### [Exercise goal]
Exactly the lines from the beginning of the records to the line with "4、进入之后点击【猫超卡补卡】;", both ends included, are to be given again, and pictures are to be left out.

### [Records provided]
= Beginning of Section =

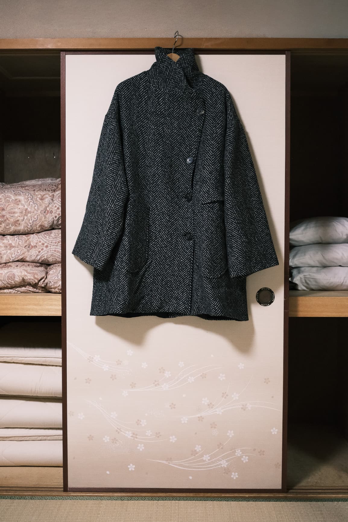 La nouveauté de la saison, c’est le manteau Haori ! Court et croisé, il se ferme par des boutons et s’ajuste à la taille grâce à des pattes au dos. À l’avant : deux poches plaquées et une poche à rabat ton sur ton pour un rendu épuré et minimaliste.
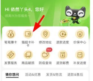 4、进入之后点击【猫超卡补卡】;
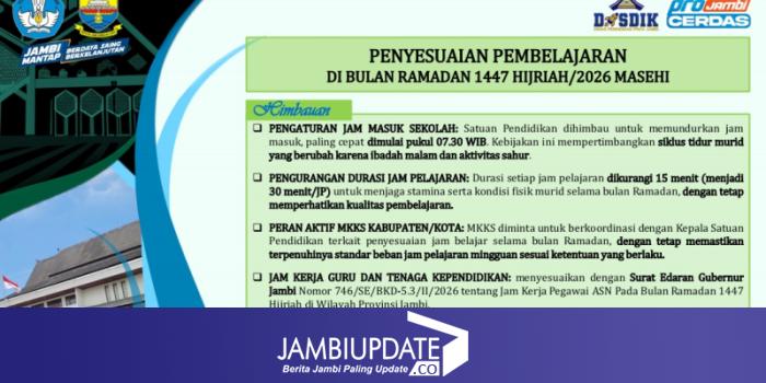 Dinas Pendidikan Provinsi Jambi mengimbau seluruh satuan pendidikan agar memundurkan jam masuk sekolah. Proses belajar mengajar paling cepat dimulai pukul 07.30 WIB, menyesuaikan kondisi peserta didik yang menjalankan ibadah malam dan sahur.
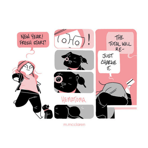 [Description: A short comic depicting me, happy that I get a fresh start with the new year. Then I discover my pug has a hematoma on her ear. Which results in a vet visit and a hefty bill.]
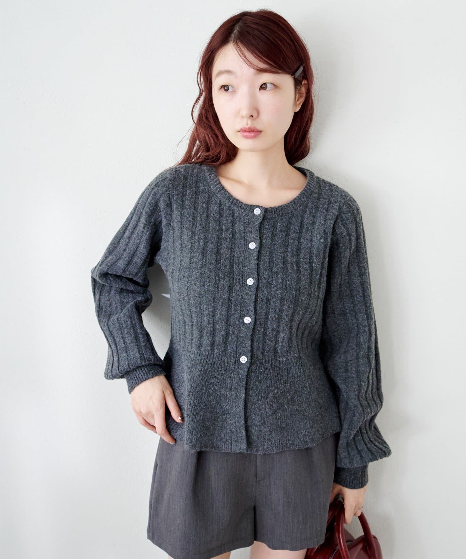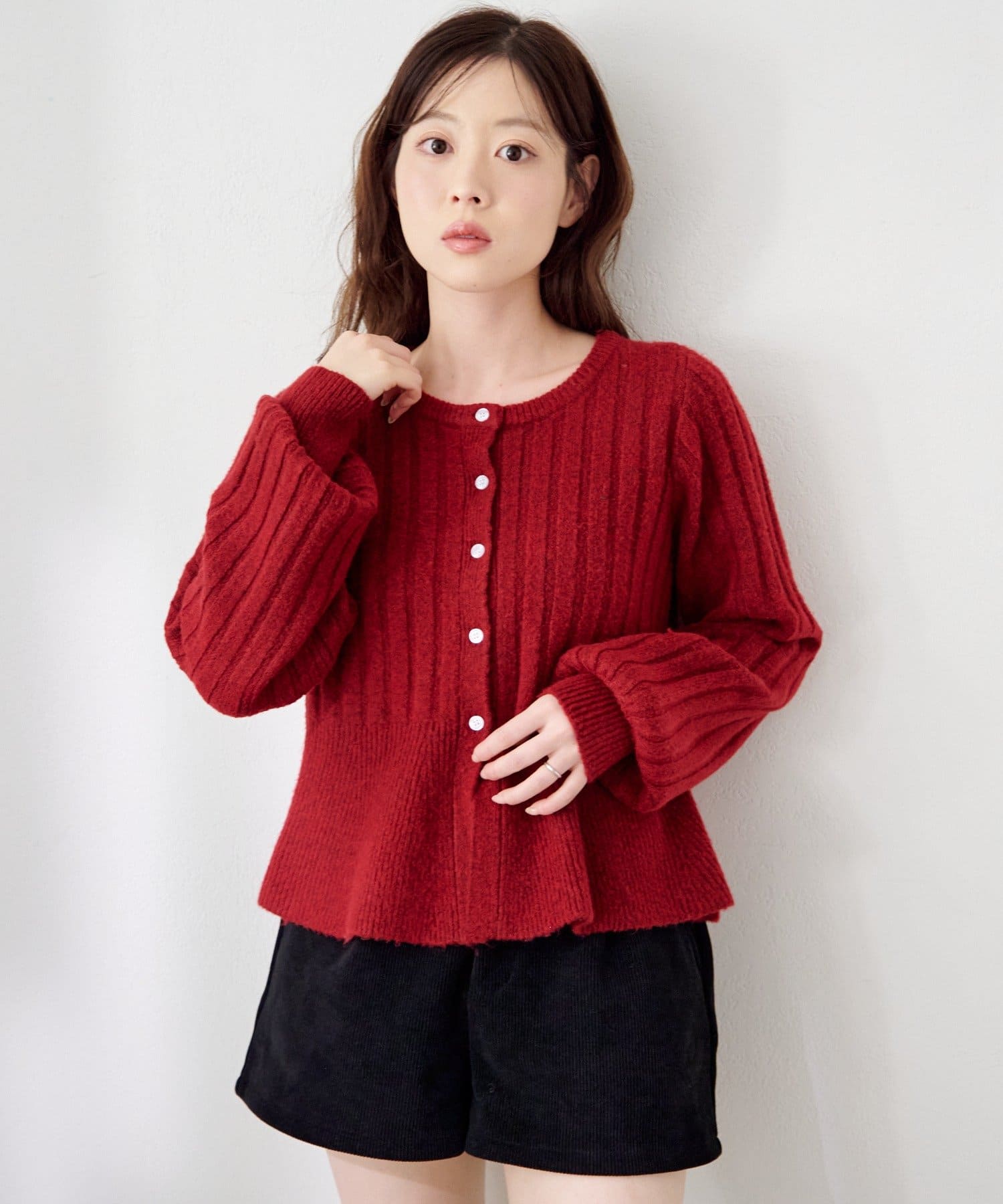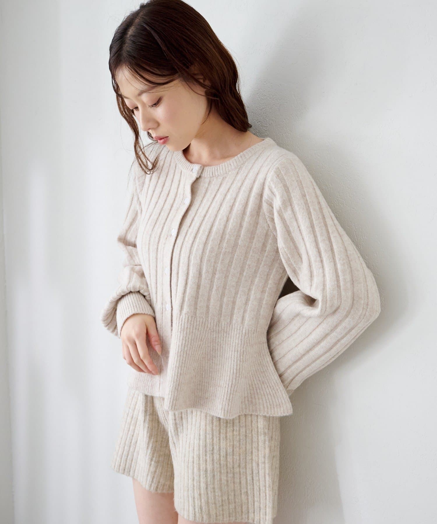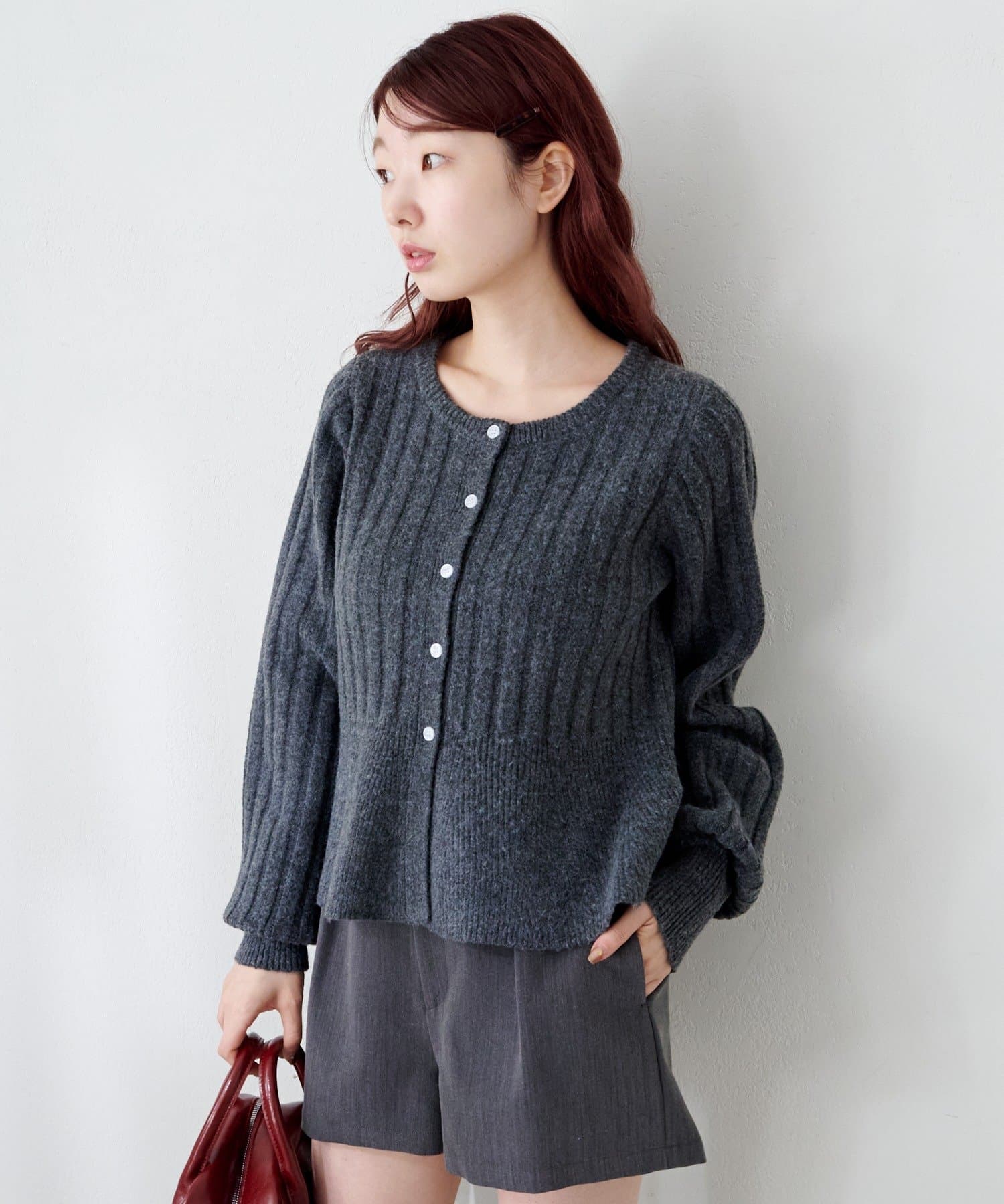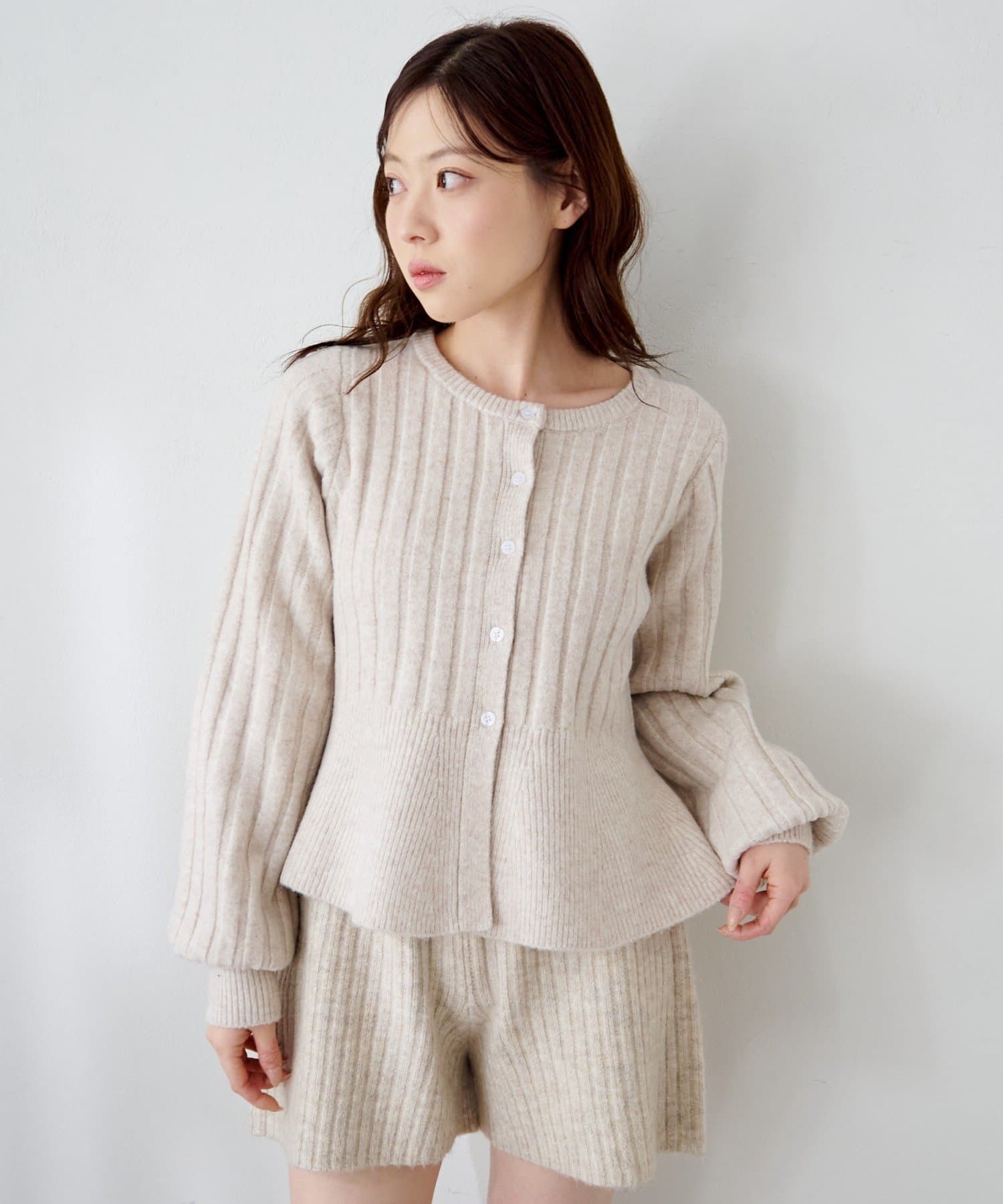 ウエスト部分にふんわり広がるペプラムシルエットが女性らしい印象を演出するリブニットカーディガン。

= End of Section =

### [Solution below]
 La nouveauté de la saison, c’est le manteau Haori ! Court et croisé, il se ferme par des boutons et s’ajuste à la taille grâce à des pattes au dos. À l’avant : deux poches plaquées et une poche à rabat ton sur ton pour un rendu épuré et minimaliste.
 4、进入之后点击【猫超卡补卡】;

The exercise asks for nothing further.